■ What is being asked
In the material below, find the line containing "Trước khi màn" and the line containing "Terwijl de kinderen". Output those two lines and all lines between them exactly, without pictures.

** Opening Records to process block **

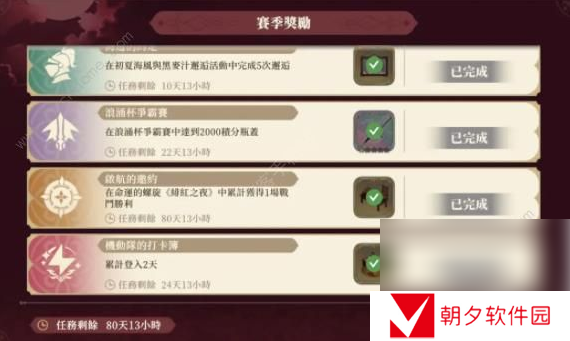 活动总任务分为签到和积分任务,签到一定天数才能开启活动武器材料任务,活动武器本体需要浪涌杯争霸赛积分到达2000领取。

** Closing Records to process block **
** Opening Records to process block **

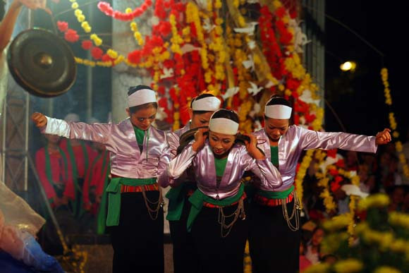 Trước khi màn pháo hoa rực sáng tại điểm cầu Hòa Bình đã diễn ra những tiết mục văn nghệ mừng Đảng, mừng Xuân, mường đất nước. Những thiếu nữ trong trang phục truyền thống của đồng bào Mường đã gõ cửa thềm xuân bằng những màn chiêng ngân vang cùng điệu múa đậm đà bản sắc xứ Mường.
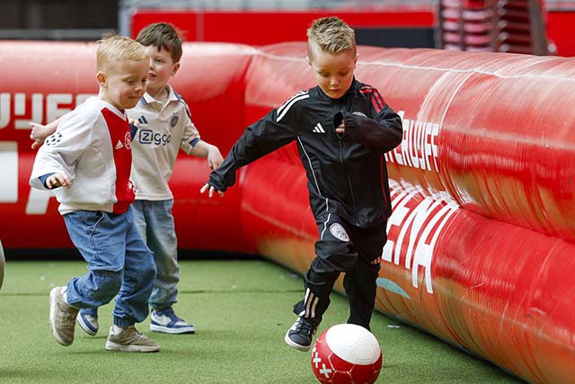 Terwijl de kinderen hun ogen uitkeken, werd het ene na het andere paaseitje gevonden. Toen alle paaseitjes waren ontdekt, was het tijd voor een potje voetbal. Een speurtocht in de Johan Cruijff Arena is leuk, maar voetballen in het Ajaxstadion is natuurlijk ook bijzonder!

** Closing Records to process block **

■ Answer to this problem
 Trước khi màn pháo hoa rực sáng tại điểm cầu Hòa Bình đã diễn ra những tiết mục văn nghệ mừng Đảng, mừng Xuân, mường đất nước. Những thiếu nữ trong trang phục truyền thống của đồng bào Mường đã gõ cửa thềm xuân bằng những màn chiêng ngân vang cùng điệu múa đậm đà bản sắc xứ Mường.
 Terwijl de kinderen hun ogen uitkeken, werd het ene na het andere paaseitje gevonden. Toen alle paaseitjes waren ontdekt, was het tijd voor een potje voetbal. Een speurtocht in de Johan Cruijff Arena is leuk, maar voetballen in het Ajaxstadion is natuurlijk ook bijzonder!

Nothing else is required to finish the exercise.